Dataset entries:
────────────────

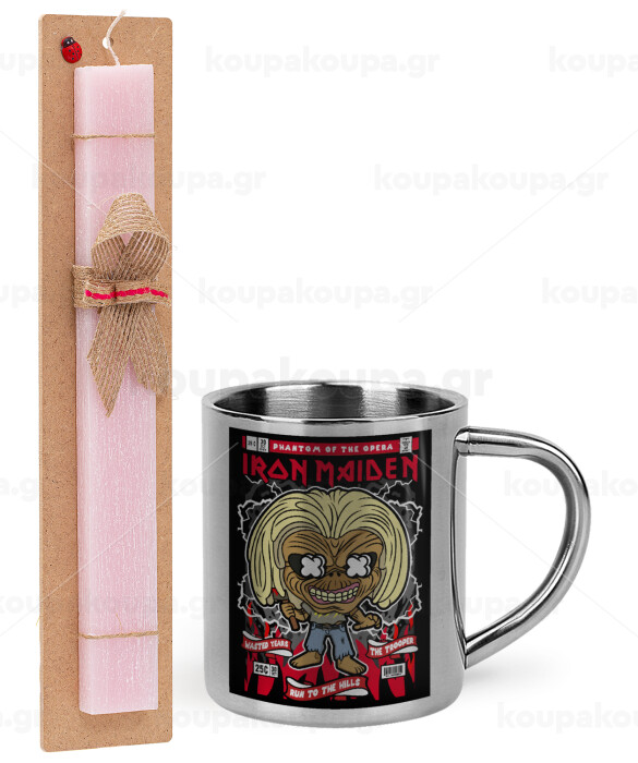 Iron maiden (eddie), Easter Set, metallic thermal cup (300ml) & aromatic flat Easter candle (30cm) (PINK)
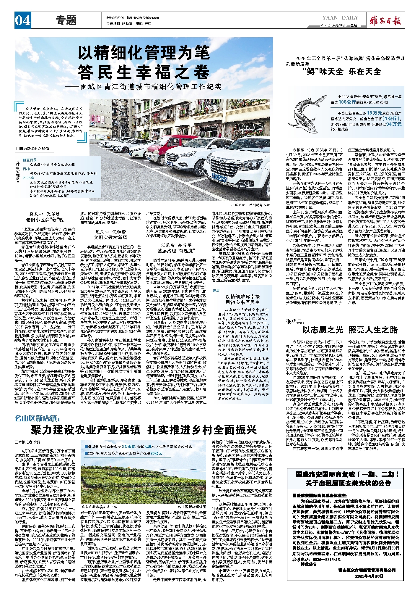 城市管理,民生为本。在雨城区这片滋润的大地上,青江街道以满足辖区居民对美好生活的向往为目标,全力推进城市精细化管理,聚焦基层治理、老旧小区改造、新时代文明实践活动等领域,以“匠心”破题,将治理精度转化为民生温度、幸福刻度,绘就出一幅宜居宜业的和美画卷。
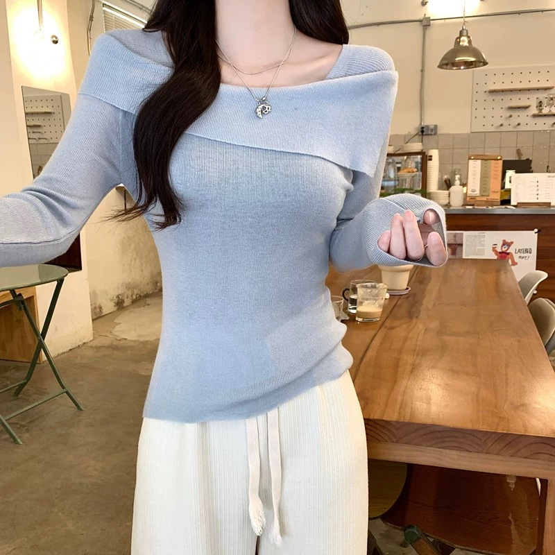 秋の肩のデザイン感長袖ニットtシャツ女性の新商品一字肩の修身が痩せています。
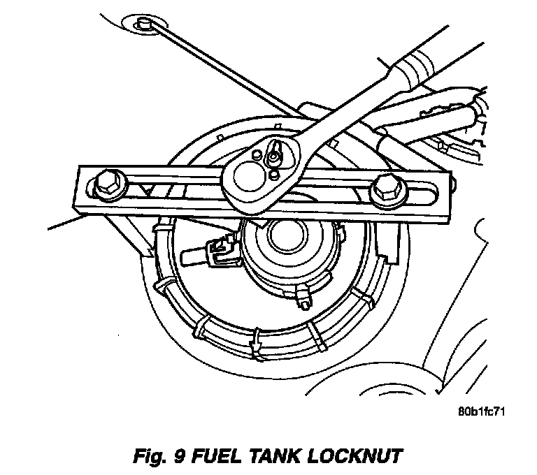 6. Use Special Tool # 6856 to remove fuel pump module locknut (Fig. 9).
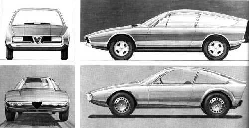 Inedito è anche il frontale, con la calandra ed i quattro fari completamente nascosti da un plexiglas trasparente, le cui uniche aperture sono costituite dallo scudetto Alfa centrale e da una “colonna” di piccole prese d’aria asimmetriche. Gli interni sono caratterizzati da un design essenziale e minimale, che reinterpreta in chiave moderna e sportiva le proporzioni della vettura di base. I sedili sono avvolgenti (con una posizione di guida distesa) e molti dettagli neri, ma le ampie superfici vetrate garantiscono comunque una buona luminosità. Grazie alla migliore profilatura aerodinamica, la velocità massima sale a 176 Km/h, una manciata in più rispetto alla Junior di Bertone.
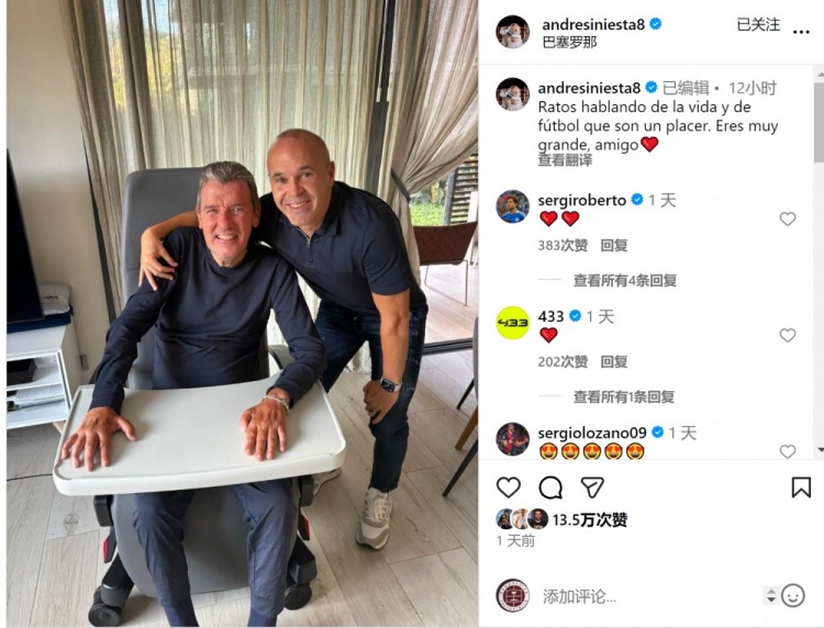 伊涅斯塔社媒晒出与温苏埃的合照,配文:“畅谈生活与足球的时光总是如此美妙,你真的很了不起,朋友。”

────────────────

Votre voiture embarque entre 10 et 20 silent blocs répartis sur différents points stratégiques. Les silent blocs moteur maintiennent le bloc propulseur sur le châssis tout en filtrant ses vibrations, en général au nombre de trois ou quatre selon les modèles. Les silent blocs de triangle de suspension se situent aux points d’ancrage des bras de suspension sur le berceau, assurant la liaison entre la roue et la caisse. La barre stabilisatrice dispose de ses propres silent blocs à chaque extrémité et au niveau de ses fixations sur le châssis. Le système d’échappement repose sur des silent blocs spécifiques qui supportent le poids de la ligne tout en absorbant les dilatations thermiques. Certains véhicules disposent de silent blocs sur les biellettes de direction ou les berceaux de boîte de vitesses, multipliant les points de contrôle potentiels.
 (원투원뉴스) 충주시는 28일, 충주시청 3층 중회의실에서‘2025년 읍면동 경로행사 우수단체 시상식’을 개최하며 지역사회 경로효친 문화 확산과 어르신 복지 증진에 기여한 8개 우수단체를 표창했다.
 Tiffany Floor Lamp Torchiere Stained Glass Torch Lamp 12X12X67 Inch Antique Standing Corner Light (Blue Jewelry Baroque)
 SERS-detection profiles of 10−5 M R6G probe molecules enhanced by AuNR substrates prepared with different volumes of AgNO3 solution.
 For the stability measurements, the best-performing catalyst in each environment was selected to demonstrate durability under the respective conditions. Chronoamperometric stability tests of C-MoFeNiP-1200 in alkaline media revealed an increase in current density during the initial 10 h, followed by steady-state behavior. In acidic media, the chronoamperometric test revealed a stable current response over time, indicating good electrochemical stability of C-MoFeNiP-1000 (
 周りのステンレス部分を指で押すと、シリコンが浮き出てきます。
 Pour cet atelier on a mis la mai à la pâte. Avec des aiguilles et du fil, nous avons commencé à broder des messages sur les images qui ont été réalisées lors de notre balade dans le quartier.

────────────────

#### WHAT IS BEING ASKED:
The answer must be the lines above from the one containing "城市管理,民生为本。在雨城区" through the one containing "伊涅斯塔社媒晒出与温苏埃的合", reproduced exactly, with no pictures and nothing else.

#### SOLUTION FOR THIS TASK:
 城市管理,民生为本。在雨城区这片滋润的大地上,青江街道以满足辖区居民对美好生活的向往为目标,全力推进城市精细化管理,聚焦基层治理、老旧小区改造、新时代文明实践活动等领域,以“匠心”破题,将治理精度转化为民生温度、幸福刻度,绘就出一幅宜居宜业的和美画卷。
 秋の肩のデザイン感長袖ニットtシャツ女性の新商品一字肩の修身が痩せています。
 6. Use Special Tool # 6856 to remove fuel pump module locknut (Fig. 9).
 Inedito è anche il frontale, con la calandra ed i quattro fari completamente nascosti da un plexiglas trasparente, le cui uniche aperture sono costituite dallo scudetto Alfa centrale e da una “colonna” di piccole prese d’aria asimmetriche. Gli interni sono caratterizzati da un design essenziale e minimale, che reinterpreta in chiave moderna e sportiva le proporzioni della vettura di base. I sedili sono avvolgenti (con una posizione di guida distesa) e molti dettagli neri, ma le ampie superfici vetrate garantiscono comunque una buona luminosità. Grazie alla migliore profilatura aerodinamica, la velocità massima sale a 176 Km/h, una manciata in più rispetto alla Junior di Bertone.
 伊涅斯塔社媒晒出与温苏埃的合照,配文:“畅谈生活与足球的时光总是如此美妙,你真的很了不起,朋友。”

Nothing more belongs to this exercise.